タミフルはインフルエンザ治療の第一選択薬であり、その有効性は高い一方で、異常行動などの重篤な副作用にも十分な注意が必要です。タミフルの処方を検討する際には、患者さんへの十分な説明とともに、綿密な観察が不可欠であると言えるでしょう。
よくある質問(Q&A)
まとめ
タミフルまとめ
- インフルエンザウィルスの増殖を抑える薬である
- 発症してから48時間以内に投与するのが効果的である
- タミフルと異常行動の因果関係はわかっていない
タミフルは、主にインフルエンザの治療や予防に使われる薬です。インフルエンザは感染力が強く、発熱や体調不良を引き起こすウイルスによる病気で、タミフルはこのインフルエンザウイルスの増殖を抑制することで、症状を和らげたり回復を早めたりします。インフルエンザの症状が出てからなるべく早く(発熱から48時間以内に)服用を始めると、効果が高まります。ウイルスの増殖を初期に抑えることがポイントです。
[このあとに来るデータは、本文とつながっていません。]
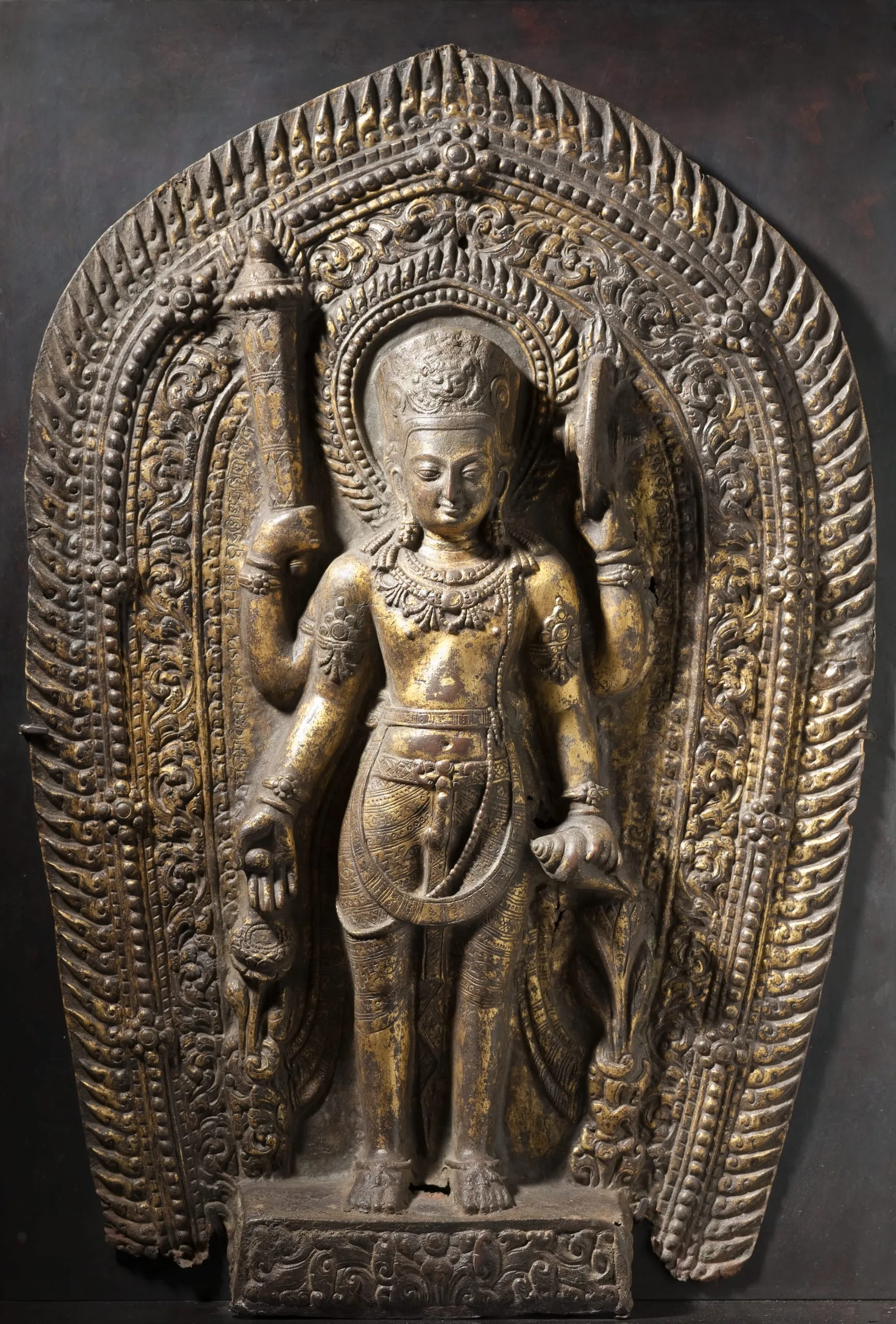 This repoussé gilt copper alloy plaque was likely originally a metal sheath for a stone or wooden image (kosha or kavaca) of Vishnu, the Hindu god of preservation. It depicts the deity as nimbate and wearing a tall square crown (kirita mukuta) adorned with a "Face of Glory" (kirttimukha) and the Brahmanical sacred thread (yajnopavita) over his left shoulder. He stands in a stiff, frontal pose (samapada sthanaka). Vishnu has four arms bearing his standard attributes. In his upper right hand, he carries a mace (gada). In his upper left hand, he holds a flaming discus (chakra). In lower left hand, he grasps a conch (shankha). His lower right hand is extended in the gesture of charity (varada mudra) and holds the fruit of knowledge (jñana palam). An open lotus is beneath his lower right hand, while a closed lotus is under his lower left hand. Vishnu is atypically ithyphallic (urdhva linga), which Pratapaditya Pal suggests is because he is a yogi in control of his passions (Pal 1985, p. 95, no. S13). Vishnu is surrounded by a complex flaming aureole (prabhavali).

薬の使用方法として治療の場合には発症から48時間以内に始め、通常は1日2回、5日間服用します。予防の場合にはインフルエンザに感染する可能性が高い状況では、通常は1日1回、10日間服用します。一部の報告では、特に子供や若い人たちに異常行動が起こる可能性が示唆されています。しかし、これについてはまだ研究が進んでおらず、確定的な因果関係は分かりません。もし異常行動が見られた場合は、速やかに医師に相談しましょう。タミフルは感染症の治療や予防に役立つ薬ですが、正しい使い方や副作用、異常行動のリスクについては理解しておくことが大切です。発熱から48時間以内に使うことで最大限の効果が期待できますが、必ず医師の指示に従い、自身の症状や体調に合わせて利用しましょう。